**The problem**
For this exercise, write out only the lines of the entries below from the one with "3. 1961년생부터 64년생이면 노령은 63세, 조기노령은 58세" up to and including the one with "в Альметьевске купить", exactly as they are. Pictures stay out.

**Information provided**
————————

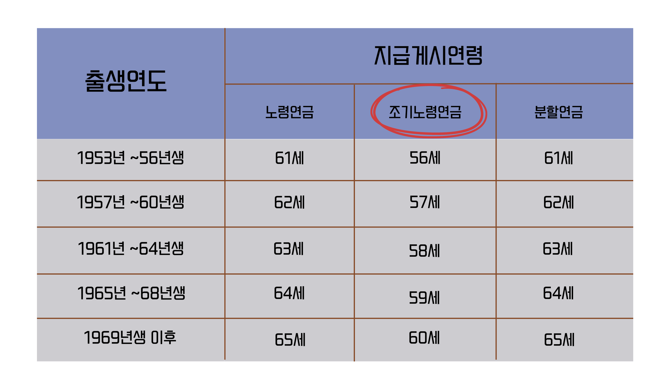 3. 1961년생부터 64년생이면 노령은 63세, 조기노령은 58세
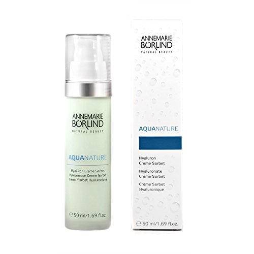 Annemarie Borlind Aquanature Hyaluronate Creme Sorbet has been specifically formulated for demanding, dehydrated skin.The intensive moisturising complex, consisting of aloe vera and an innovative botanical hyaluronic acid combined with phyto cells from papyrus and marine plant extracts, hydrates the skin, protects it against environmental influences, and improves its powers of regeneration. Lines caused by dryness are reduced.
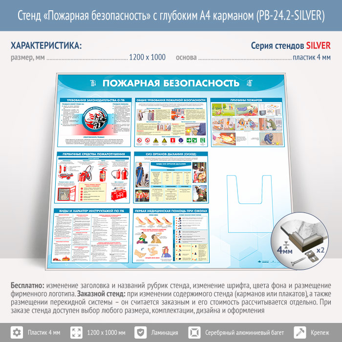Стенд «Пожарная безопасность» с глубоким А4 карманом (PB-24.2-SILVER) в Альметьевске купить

————————

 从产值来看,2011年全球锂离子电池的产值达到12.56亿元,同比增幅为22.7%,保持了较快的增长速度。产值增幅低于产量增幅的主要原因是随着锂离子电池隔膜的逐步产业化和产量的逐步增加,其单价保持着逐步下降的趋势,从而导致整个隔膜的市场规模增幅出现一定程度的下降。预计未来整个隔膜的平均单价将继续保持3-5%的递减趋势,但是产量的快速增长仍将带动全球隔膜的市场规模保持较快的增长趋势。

————————

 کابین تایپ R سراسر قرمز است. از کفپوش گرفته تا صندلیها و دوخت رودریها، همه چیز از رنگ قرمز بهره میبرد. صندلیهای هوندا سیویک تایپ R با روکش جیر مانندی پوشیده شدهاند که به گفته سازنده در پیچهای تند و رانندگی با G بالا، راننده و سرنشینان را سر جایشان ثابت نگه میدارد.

————————

**Output of the exercise**
 3. 1961년생부터 64년생이면 노령은 63세, 조기노령은 58세
 Annemarie Borlind Aquanature Hyaluronate Creme Sorbet has been specifically formulated for demanding, dehydrated skin.The intensive moisturising complex, consisting of aloe vera and an innovative botanical hyaluronic acid combined with phyto cells from papyrus and marine plant extracts, hydrates the skin, protects it against environmental influences, and improves its powers of regeneration. Lines caused by dryness are reduced.
Стенд «Пожарная безопасность» с глубоким А4 карманом (PB-24.2-SILVER) в Альметьевске купить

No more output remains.